Hallucination rates vary widely between models. The best performing models in early 2026 achieve rates below 1% on standardized benchmarks, while less capable models hallucinate in up to 30% of responses. In specialized domains like medicine or law, even well-performing models can fabricate references in a significant portion of their outputs.

Fabricated facts

Stating statistics, dates, or claims that do not exist. The model is pattern-matching, not fact-checking.

Fake sources

Inventing book titles, URLs, research papers, or author names that look real but do not exist.

Confident errors

Presenting wrong information with the same confident tone as correct information. No hesitation, no caveats.

HOW TO SPOT THEM

Be suspicious of very specific claims (exact percentages, specific dates, named sources) in domains where you cannot verify. Ask the model for its sources. Cross-check critical facts with a web search. If the model says 'a study found that...' without naming the study, assume it may be fabricated until you verify it yourself.

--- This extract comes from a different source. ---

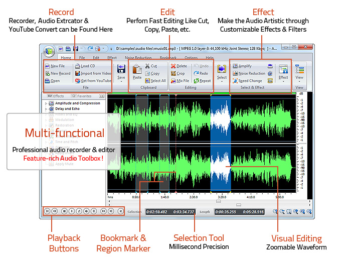 Audio Record Edit Toolbox Pro is a professional audio editor and recorder, which completely control over all aspects of audio editing and mastering. It contains all features of Audio Record Edit Toolbox. It performs precise editing and creates 30+ audio effects & filters. It is your last destination for professional audio recording and mastering, sound design, audio restoration, and audio CD creation.
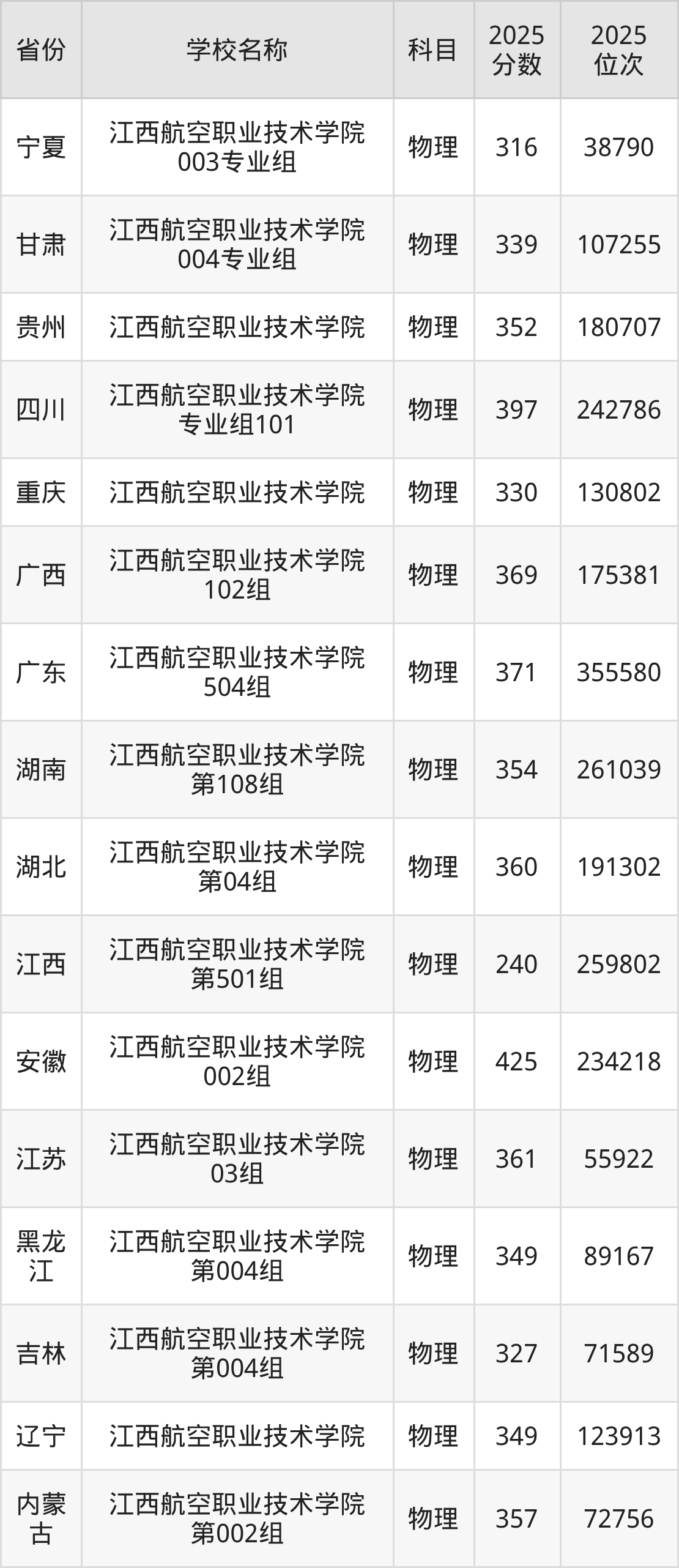 江西航空职业技术学院2025年有5个专业组面向江西省内首选了物理科目的考生招生:

What this means for how you prompt

Understanding how LLMs work under the hood directly improves how you use them. Here are the practical takeaways.

Be specific, not vague. Since the model predicts the next most likely token, vague prompts lead to generic responses. The more context and specifics you provide, the more the probability distribution shifts toward useful output. 'Write me a marketing email' produces average text. 'Write a marketing email for a logistics company launching a route optimization tool, targeting operations managers, tone: professional but not stiff' produces something you can actually use.

Think about token budget. Every word you send eats into the context window. Do not paste your entire document if you only have a question about one paragraph. Be concise in your instructions, but thorough in your context. This is not a contradiction: it means cutting filler while keeping the information the model needs to do its job.

Verify, do not trust. Knowing that LLMs generate text probabilistically, not factually, should permanently change your relationship with AI output. Use it as a first draft, a starting point, a thinking partner. Never use it as a source of truth without checking. The people who get the most value from AI are the ones who treat it as a capable but fallible collaborator.

Structure helps. LLMs respond well to structure in prompts because structured text has clear patterns. Use numbered lists for multi-step instructions. Use headers to separate sections. Tell the model what format you want the output in. The clearer the pattern you establish, the better the model continues it.